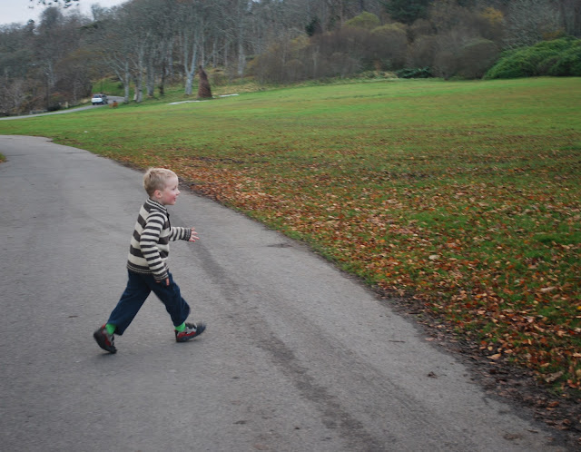 But not for long - a few minutes later, he was laughing and playing in the woodland park.
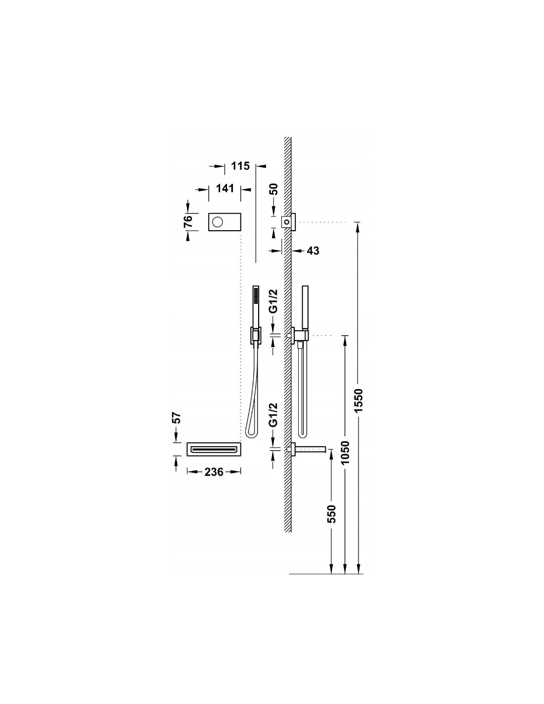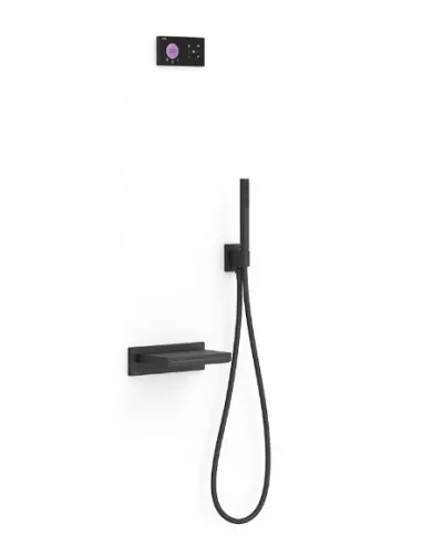 · W zestawie czarny elektroniczny sterownik z uszczelkami przeciwwilgociowymi firmy Schlüter.· W zestawie elektroniczna centralka termostatyczna (2-drożna).· Wylewka stała naścienna z wyjściem wody w formie kaskady.· Uchwyt do słuchawki prysznicowej z przyłączem w ścianie.· Słuchawka prysznicowa z mosiądzu z systemem zapobiegającym osadzaniu się kamienia.· Satynowy wąż.
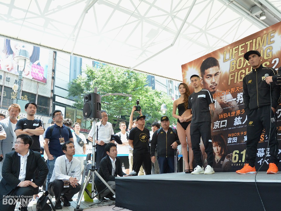 渋谷を代表するファッションビルの特別会場で行われたイベントということもあり、午前中にもかかわらず通行人が足を止めてイベントを見学。井岡は声援に手を振って応えていた。日本ではこのようなイベントに参加するのは初めてと語り、「試合に向けて盛り上がっていけば良いと思う」と笑みを浮かべた。

> [What you need to do]
Only the lines from the top of the data through the line with "kamienia.· Satynowy wąż." should be quoted, exactly and with both ends kept; skip the pictures.

> [Completed task]
 But not for long - a few minutes later, he was laughing and playing in the woodland park.
 · W zestawie czarny elektroniczny sterownik z uszczelkami przeciwwilgociowymi firmy Schlüter.· W zestawie elektroniczna centralka termostatyczna (2-drożna).· Wylewka stała naścienna z wyjściem wody w formie kaskady.· Uchwyt do słuchawki prysznicowej z przyłączem w ścianie.· Słuchawka prysznicowa z mosiądzu z systemem zapobiegającym osadzaniu się kamienia.· Satynowy wąż.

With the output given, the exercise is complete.